**DATA SECTION:**
_ _ _
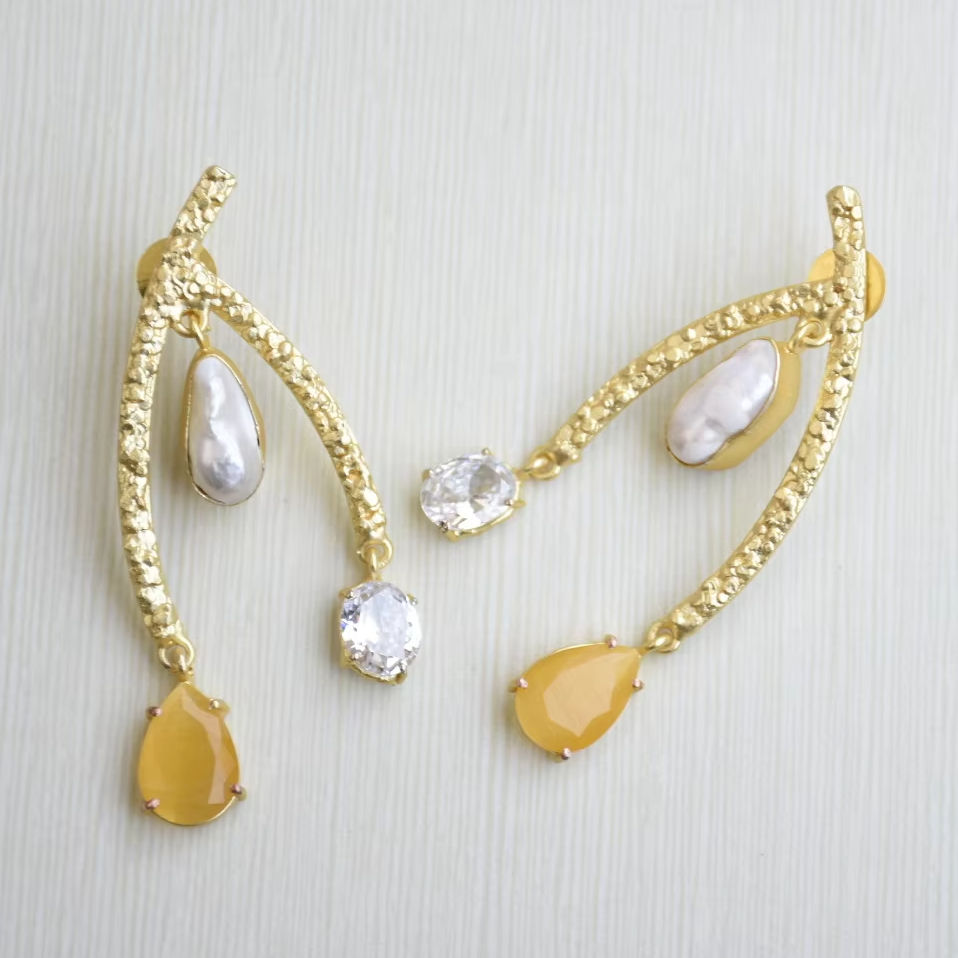 Export Brass Fashion Earrings Bulk Handcrafted Semi Precious Matte Brass Texture Trendy Statement Piece Perfect Wholesale
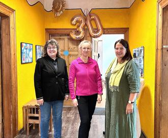 Sabine Lorenz bedankte sich für die Wertschätzung und betonte, dass der Erfolg nur durch ein starkes Team möglich sei. Die Gratulation fand in der Ergotherapie-Praxis Knopp-Stephan statt, die am gleichen Tag ihr 30 jähriges Jubiläum feierte.
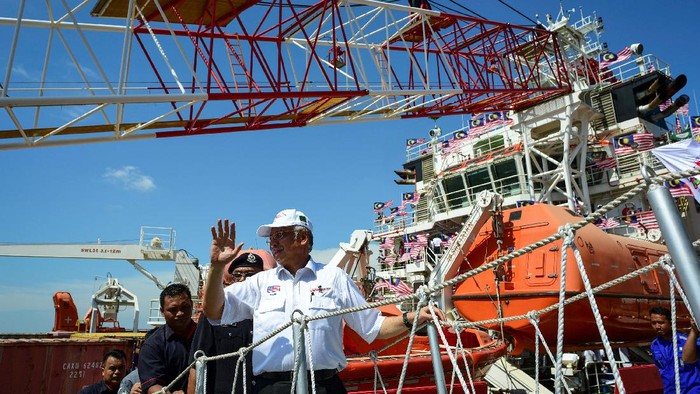 PM Najib Razak saat melepas kapal bantuan Malaysia untuk Rohingya (REUTERS/Joshua Paul)
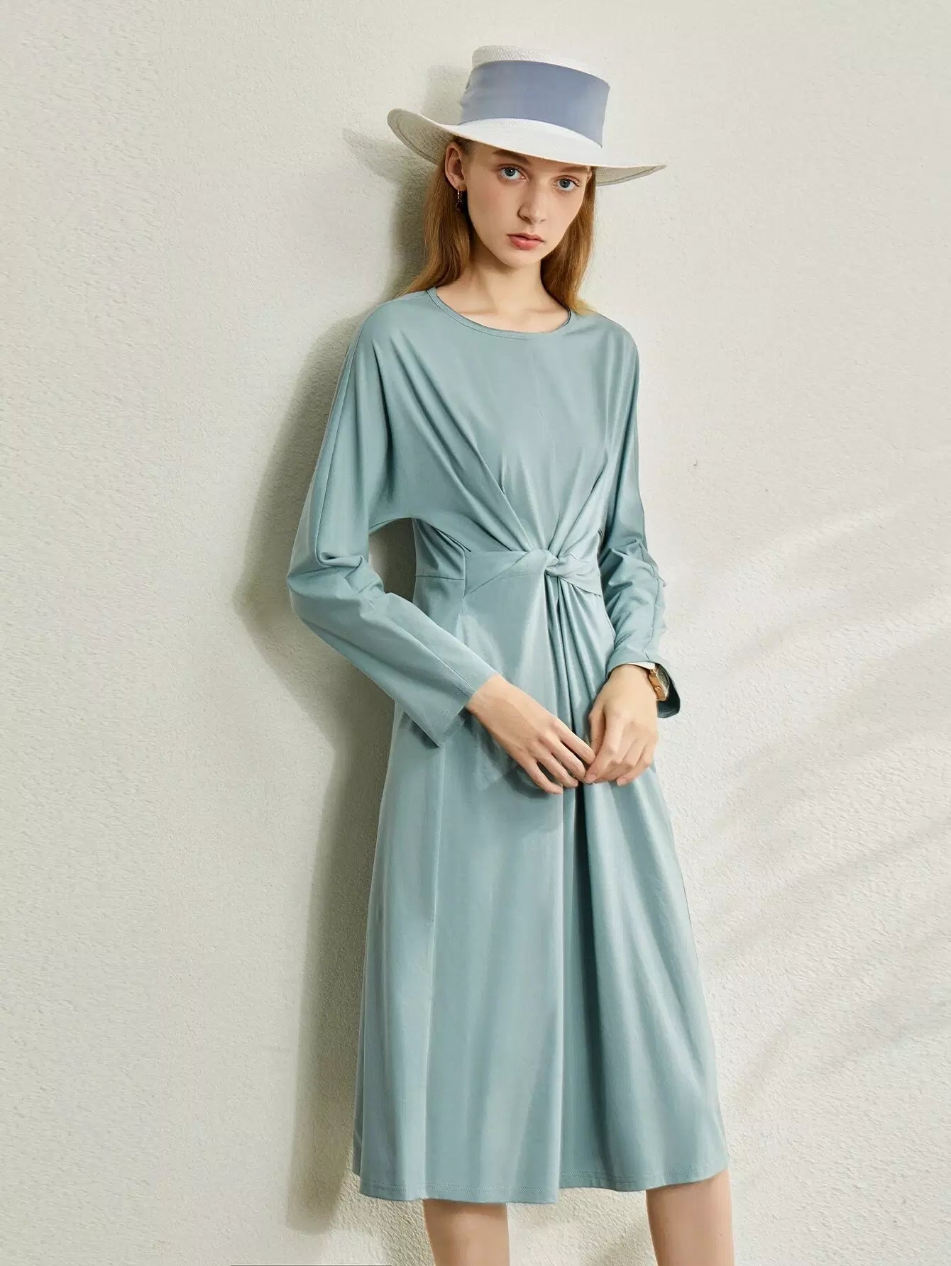 Women - Batwing Sleeve Twist Front Dress
_ _ _
**EXERCISE PROMPT:**
The task requires restating verbatim the lines from the one that holds "Sabine Lorenz bedankte" through the end of the listing, both ends counted, and no pictures.

**ANSWER FOR THIS EXERCISE:**
 Sabine Lorenz bedankte sich für die Wertschätzung und betonte, dass der Erfolg nur durch ein starkes Team möglich sei. Die Gratulation fand in der Ergotherapie-Praxis Knopp-Stephan statt, die am gleichen Tag ihr 30 jähriges Jubiläum feierte.
 PM Najib Razak saat melepas kapal bantuan Malaysia untuk Rohingya (REUTERS/Joshua Paul)
 Women - Batwing Sleeve Twist Front Dress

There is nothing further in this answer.